Данный поворот к патафизике вовсе не результат размышлений и сознательного выбора, он происходит исключительно в воображении и означает трансформацию восприятия происходящего. И я не буду обосновывать его необходимость, ибо это противоречило бы сути патафизики: оставаясь сама собой, она не может быть философией или метафизикой! Очевидно, что она всегда будет игрой и в то же время активно действующим началом. Я имел возможность высказаться по этому поводу в тексте, посвященном Арто[38] и патафизике, который я попытался выдержать в поэтико-метафорическом ключе. Мне было тогда около двадцати лет, и тема захватила меня полностью. Я сопоставил театр жестокости, жестокости кровавой, дикой, необузданной, и патафизику, которая является его абсолютным противовесом: в последней нет никакой примитивной сценичности, ничего грубого и беспощадного, она царствует в сфере виртуальной фантасмагории… Этот текст стал моим даром Эммануэлю П., человеку, история которого воссоздана в романе Анри Тома[39] «Украденное время года», аллюзии на книгу Рембо[40] (П. располагал ее первым изданием).
В сущности, патафизика тогда была для меня некой эзотерической сферой… Но сегодня, погрузившись в эту интегральную реальность, в этот особый интегризм реальности, реального и рационального, мы живем в мире, который, сам того не ведая, оказался полностью патафизическим!

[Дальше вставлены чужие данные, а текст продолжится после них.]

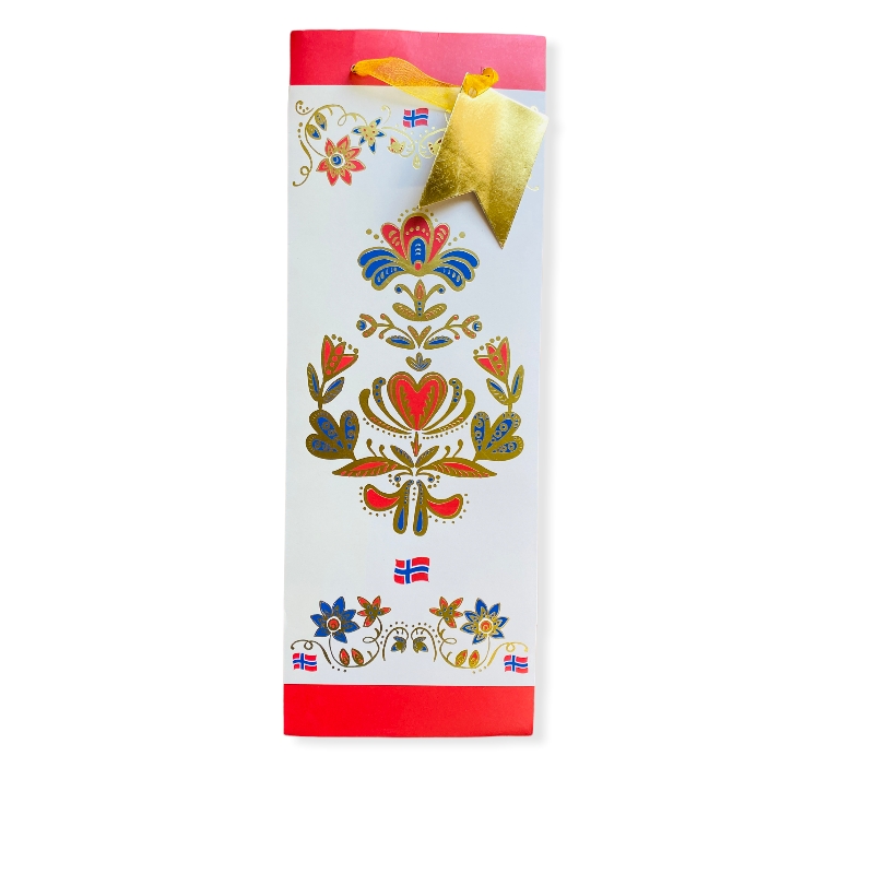 Lekker vinpose med norske flagg ca. 35x13x8 cm

Гротескным помимо своей воли!
Однако слишком жестко привязывать патафизику к наличной ситуации — значит допускать ошибку. Мы должны сохранить ее как нечто экстравагантное, как своего рода радикально внешнюю гипотезу… Она должна остаться исключительно полезным средством описания нашего загроможденного, наполненного до отказа мира, пресыщенного подобно королю Убю,[41] являющемуся символом наглой, самодовольной жестокости. А разве эта жестокость не характерна для современности?